How wealth managers are leveraging behavioral intelligence technology to thwart client abuse
In this interview with Help Net Security, Lee Garf, Managing Director of Financial Markets Compliance at NICE Actimizeexplains how behavioral intelligence technology can help the financial industry combat customer abuse and reduce regulatory risk.
What has been the impact of the pandemic on the compliance of financial institutions and wealth managers?
Certainly, with more workers working from home or in a hybrid work environment, there has become a greater need to monitor behaviors as part of financial institution compliance. However, the implementation of new regulations has had the biggest impact on wealth managers over the past year. Since FINRA Rules Best Interests and Rule 2111 came into effect in 2020, it has had a significant impact on the wealth management, retail and insurance communities.
The industry has seen numerous fines levied against firms circumventing rulings, most recently up to $1 million for a firm’s alleged failure to adequately monitor its clients’ accounts for over-concentration in high-yield bonds or ” rotten”. In this climate, there is a demand for better supervision and monitoring. As a result, wealth management firms are looking for ways to manage their advisors, serve their clients, and meet regulatory requirements while ensuring the best results for all parties.
Additionally, many companies struggled to monitor a spike in trading volume even as their entire workforce moved. As a direct result, the quality of alerts and the efficiency of the review process have been significantly affected. Outdated review processes that rely on volume rather than quality of alerts will routinely fall prey to capacity constraints.
To combat this phenomenon, companies should not simply depend on more data or large volumes of separate alerts, but rather enrich their monitoring program by incorporating better correlations of many types of data. Alerts generated from business data alone can only tell part of the full story. While business data, combined with email and text communications from customers and combined with CRM notes, will raise the real higher interest concerns to the top of the pile, allowing better triage of compliance risks.
How does behavioral intelligence help wealth managers fight client abuse?
Behavioral intelligence provides regulated companies with important insights into the behavior of their employees and helps companies be more proactive in detecting various forms of misconduct. This not only impacts regulatory compliance, but also affects the relationship between advisors and their institutions as well as their clientele.
How does behavioral intelligence affect business strategies?
Today’s technology focused on wealth management is more than just a tool for detecting customer abuse. Today’s monitoring solutions can provide the business with behavioral intelligence data that can be used both to determine business strategies and to improve communications and relationships between internal advisors and their clients. Ease of deployment, enhanced by cloud technology and lower costs, has made these technologies essential for wealth management teams, not only to meet government rules and guidelines, but also for business planning that has an impact on the development of products and their results.
How can customers benefit from behavioral intelligence?
Behavioral intelligence aims to focus on the “know your employee” aspect of fit, which brings benefits to an entire financial services organization, as behavioral data becomes easier to access and analysis for short-term and long-term benefits for advisors and management.
The market for wealth management compliance solutions has seen strong growth over the past year, at both mid-sized institutions and large financial services firms. Ease of deployment, enhanced by cloud technology and lower costs, has made these technologies essential for wealth management teams, not only to meet government rules and guidelines, but also for business planning that has an impact on the development of products and their results. Again, supervision and monitoring is the key to success.
Any technological change implemented should consider a cloud-first approach. Even now, many businesses face persistent logistical challenges created by on-premises solutions, such as network capacity, VPN overload, and performance lag. Cloud solutions allow flexibility for business continuity plans and for general business operations once we get past the current uncertainty. With Reg BI planning to affect more than 57 million US households invested in US equity markets, geographic flexibility is paramount to strong compliance programs.

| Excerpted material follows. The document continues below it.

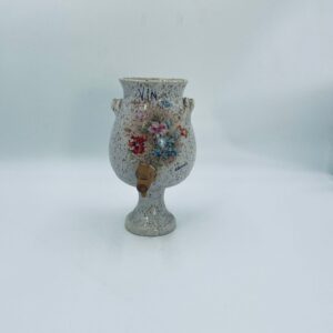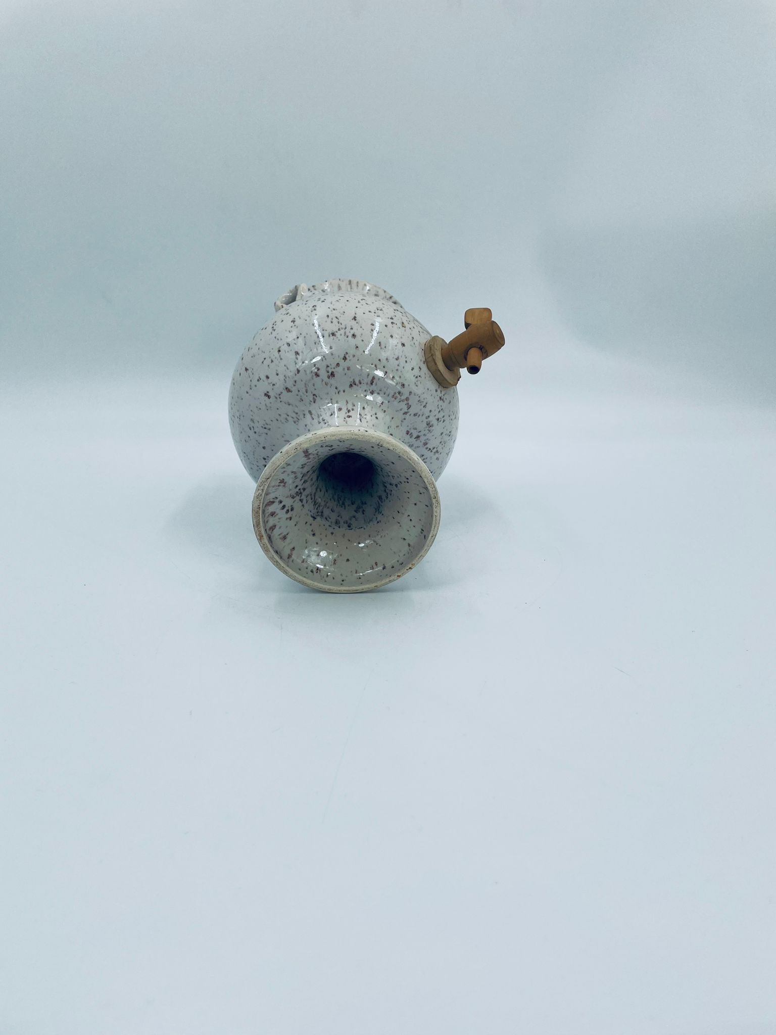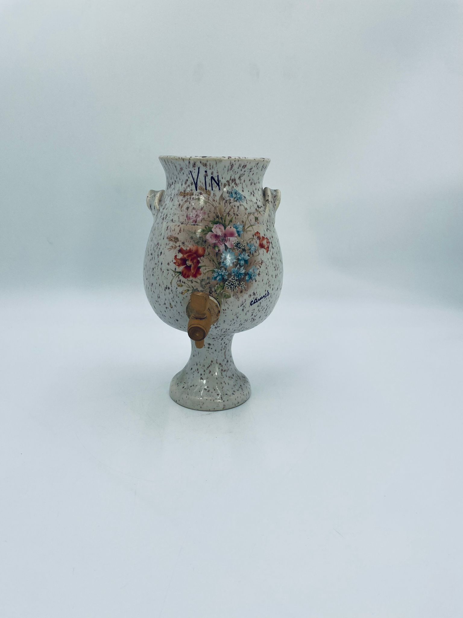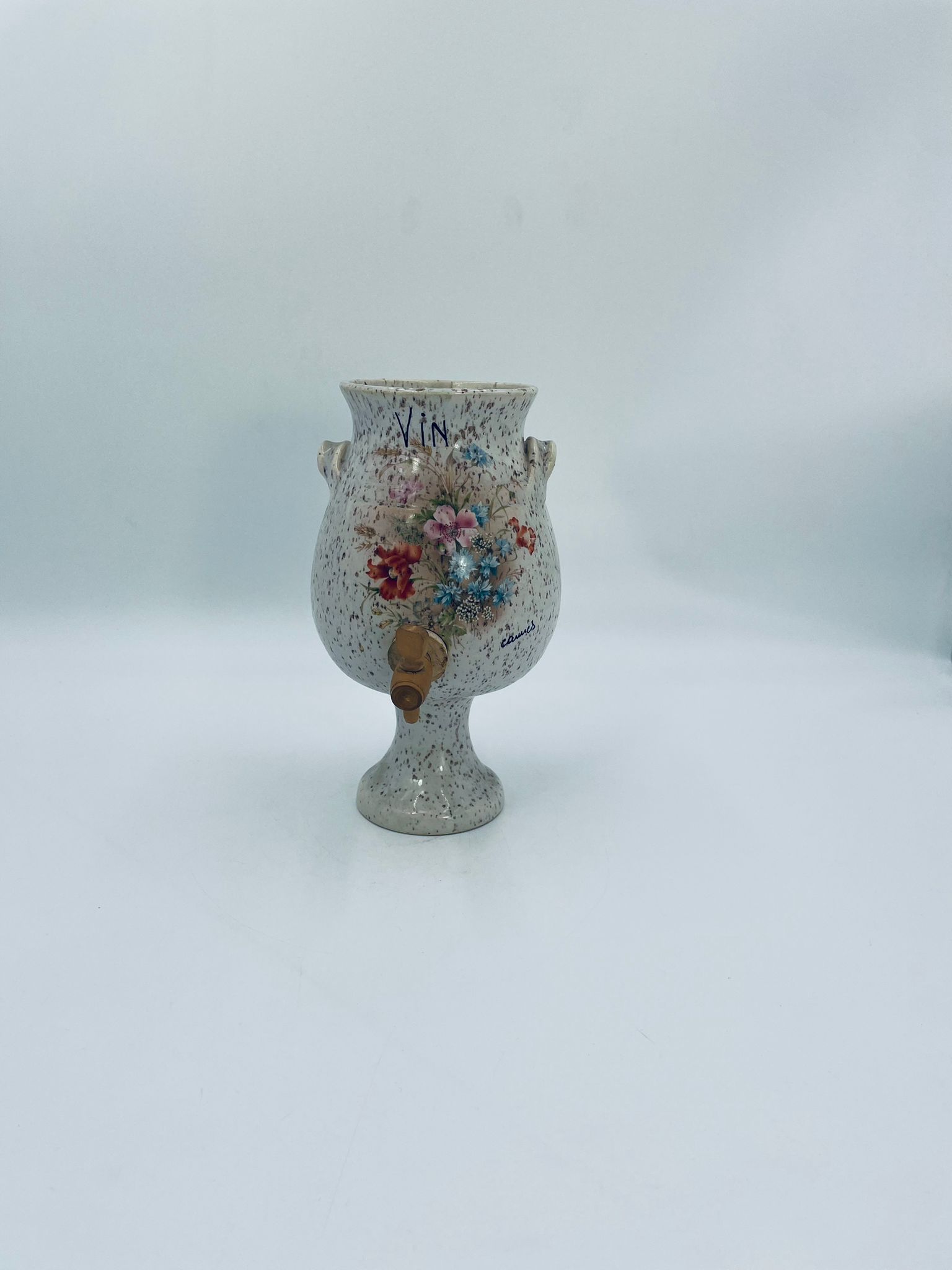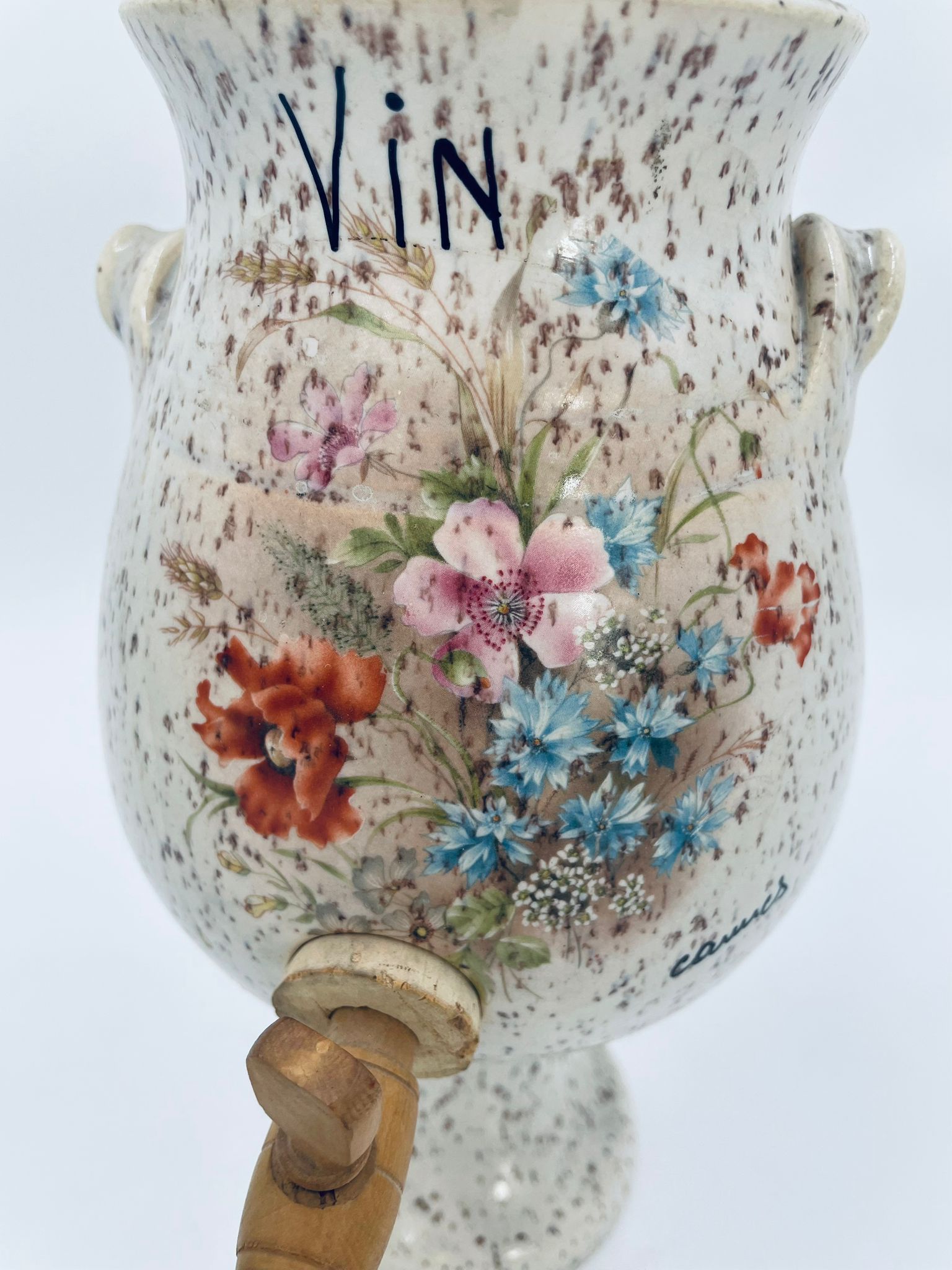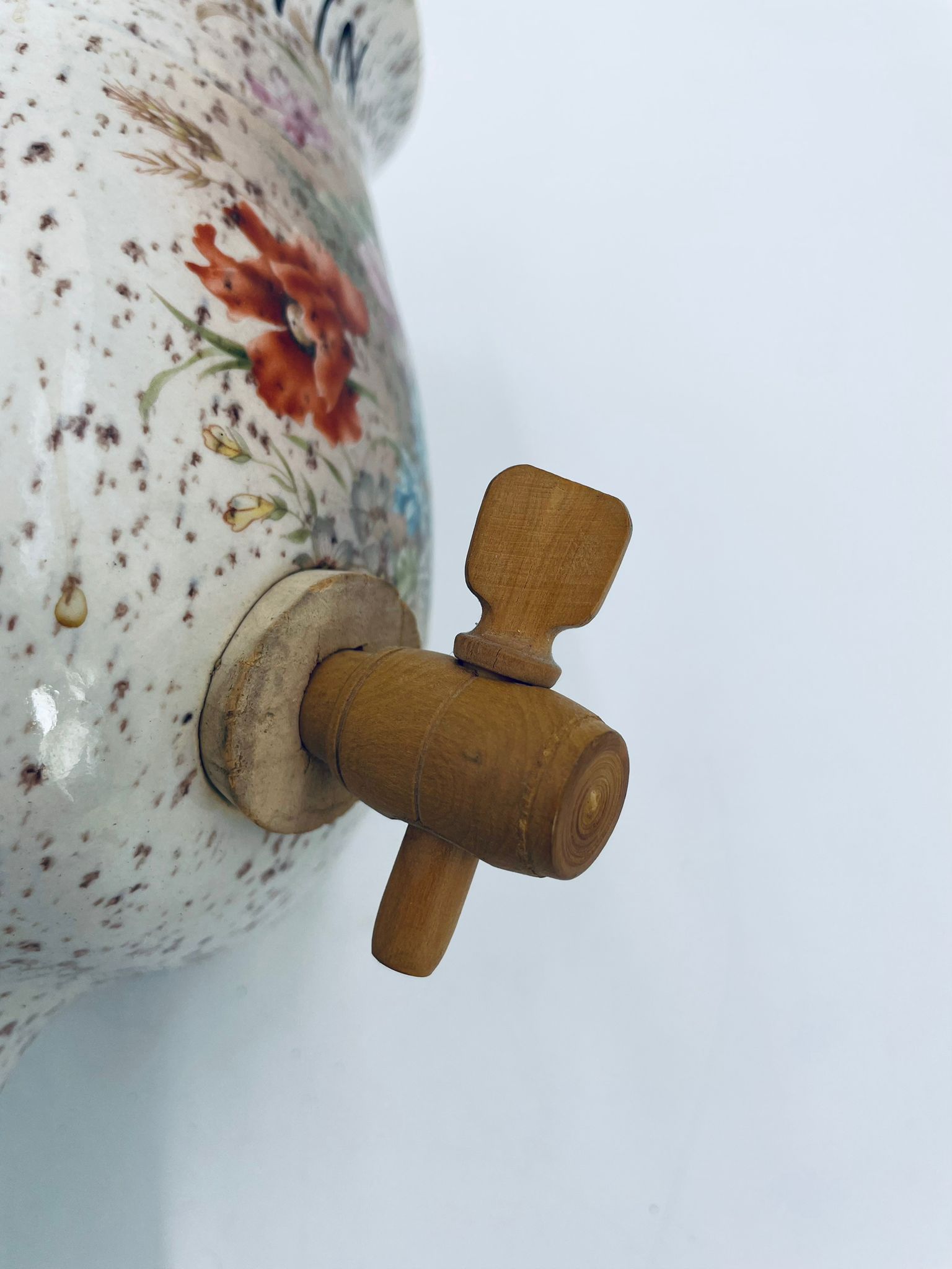 Fontanna do wina, karafka do wina z kranikiem w stylu Vintage, wykonana z wysokie jakości ceramiki. Karafka z ozdobnym nakrapianiem, dekorowana wzorem kwiatowym, wyposażona w mały, drewniany kranik oraz dwa małe , ozdobne uchwyty. Brak przykrycia górnego.

What should the wealth management industry watch out for in terms of risk this year?
As regulators enforce their regulations and impose fines and penalties, it is critical that financial institutions continue to manage their advisers and comply with applicable regulations. It is not only in the “best interest” of financial institutions to run a wealth management compliance policy, but a targeted approach also builds the trust their clients have in the institution itself. Some of the most recent advances in behavioral technology will support these goals.
As companies continue to implement their strategies to ensure Reg BI compliance, it requires a detailed examination of how processes are managed today. Existing suitability and communications monitoring technology is typically managed separately, and marrying the two can require costly integrations or laborious manual intervention that may not happen in real time.